CONTRIBUTIONS IN THIS VOLUME

Wei (Chap. 5, this volume) presents new nannofossil data from all three sites. Data from Sites 1071 and 1072 do not result in any change in the estimated ages of interpreted sequence boundaries. This is due to the rarity of fossils at these shelf sites and to the very significant regional offlap that results in large hiatuses. At Site 1073, the first appearance of Emiliania huxleyi at 120 mbsf marks the base of Zone CN15 (260 ka), slightly lower than specified in the Leg 174A Initial Reports volume. E. huxleyi increases abruptly in abundance around 70 mbsf at the base of the E. huxleyi acme zone (~85 ka). The recognition of Helicosphaera sellii in Sample 174A-1073A-57X-4, 54-55 cm, below the interpreted location of surface pp4(s) at 519.8 mbsf, suggests an age for that surface of <1.3 Ma. However, the presence of Calcidiscus macintyrei in Section 174A-1073A-57X-6 indicates an age >1.6 Ma. Since surface pp4(s) is known to be older than 1.4 Ma at the shelf sites, it is likely that the stratigraphically highest occurrence of Helicosphaera sellii is only an apparent top beneath the interpreted sequence boundary where it has been traced to the upper slope. In that case, surface pp4(s) is best dated as 1.6-1.4 Ma.

Savrda and Krawinkel (Chap. 3, this volume) provide a comprehensive summary of Pleistocene ichnofabrics at Site 1073, data that underpin the article by Savrda et al. (2001b). Thoroughly bioturbated intervals dominate the section and exhibit variable fabrics. Some are monochromatic and homogeneous; others are characterized by homogeneous background fabrics overprinted by diffuse burrow mottles.

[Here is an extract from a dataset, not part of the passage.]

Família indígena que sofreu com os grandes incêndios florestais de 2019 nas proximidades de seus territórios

Krawinkel (Chap. 6, this volume) summarizes the heavy mineral content of sandy intervals at each site. The bulk of the samples analyzed were obtained from shelf sites because sediments at slope Site 1073 are predominantly fine grained. Eight distinct mineral associations are recognized. In the interval overlying surface pp3(s), amphiboles and pyroxenes dominate, with generally high but variable proportions of garnet and low proportions of zircon, tourmaline, and rutile (ZTR). Below surface pp3(s) but above surface pp4(s), the proportions of ZTR increase at the expense of the other minerals in the overlying assemblage. Between surfaces pp4(s) and m0.5(s), heavy mineral assemblages are highly variable, with a distinct downsection decrease in the proportion of ZTR and an increase in the proportion of amphiboles and pyroxenes.

Hoyanagi and Omura (Chap. 4, this volume) report on the results of grain-size analysis. They provide a series of histograms for Sites 1071 and 1073 and plots of average grain size as a function of depth for all three sites. These data elaborate on the qualitative shipboard descriptions of cores.

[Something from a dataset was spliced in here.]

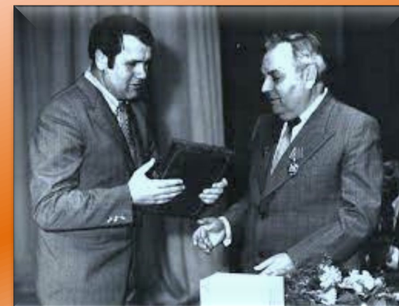
Теплые встречи с автором

Claypool et al. (Chap. 1, this volume) focus on microbially mediated redox diagenetic processes. Oxidation of organic matter results in dissolved CO₂ with about the same ¹³C value as the starting organic matter. Subsequent reduction of CO₂ to form CH₄ leads to significant ¹³C depletion in the CH₄ and to ¹³C enrichment of the residual CO₂ in pore water samples. These processes are well displayed in data from Sites 1071, 1072, and 1073. The ¹³C values for CO₂ from shelf Sites 1071 and 1072 vary downsection but are in the range of -12 to -27 (with respect to the PDB standard). At slope Site 1073, ¹³C values for CH₄ are highly depleted (-62 to -84); corresponding ¹³C values for CO₂ tend to be positive (<9.9), with negative values restricted mainly to the upper 20 mbsf.

Malone and Martin (Chap. 2, this volume) provide isotopic data (¹⁸O, D, and ⁸⁷Sr/⁸⁶Sr) for interstitial water samples from all three sites. Two well-developed Cl^- and ¹⁸O minima are observed at Site 1071, at the approximate level of upper Pleistocene surface pp3(s) and close to upper Miocene surface m0.5(s). Similar minima are observed also at Site 1072 near surface pp3(s), but samples were not recovered at that site from the level of surface m0.5(s). The authors suggest that the observed freshening may indicate relict water. However, no obvious freshening is observed at the level of the intervening sequence boundary pp4(s). At Site 1073 on the continental slope, both ¹⁸O and D values decrease downward to a depth of ~300 mbsf (by ~2 for ¹⁸O and by ~12 for D), below which they change little to a depth of >600 mbsf.